/ or Ctrl+K to search to navigate Enter to select Esc to close

Matrices and Matrix Operations


In machine learning, whether you’re manipulating datasets, performing linear transformations in neural networks, or analyzing graph structures, matrices provide a compact and efficient way to represent and process information. In this post, we’ll explore the world of matrices and matrix operations through a problem-driven approach. Each section grounds the math in real ML use cases, walks through the concepts clearly, and wraps up with code and applications.

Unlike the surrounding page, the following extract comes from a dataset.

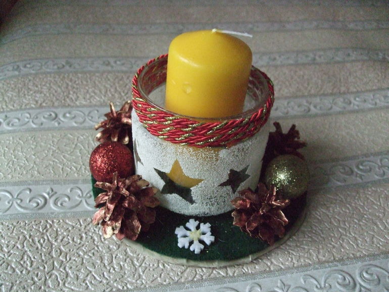 Подсвечник делала так: Круг из картона обтянула тканью (складки спереди), приклеила ее горячийм пистолетом, приклеила дно банки, которую оформила так: приклеила из скотча вырезанные звезды, остальную поверхность намазала клеем ПВА и обсыпала манкой, просушила и сняла звезды. Низ свечки немного подплавила и поставила в середину банки. Верх- приклеила отделочный шнур, подставку подсвечника украсила крашенными золотой акриловой краской шишками, шариками и снежинками.

Matrices and Matrix Operations

Think of a matrix as a grid—a two-dimensional array of numbers. On the surface, it may just look like a neat way to organize data, but in machine learning, it does so much more. Matrices are the building blocks for operations like transforming input features, propagating signals through neural networks, and encoding relationships in graph data.

Suppose you’re representing three data points, each with two features. You might organize this as a matrix:

\[X = \begin{bmatrix} 1.2 & 3.4 \\ 2.1 & 0.7 \\ 4.0 & 1.5 \end{bmatrix}\]

Each row is a sample, and each column is a feature. This basic structure appears everywhere from data preprocessing to forward passes in deep learning.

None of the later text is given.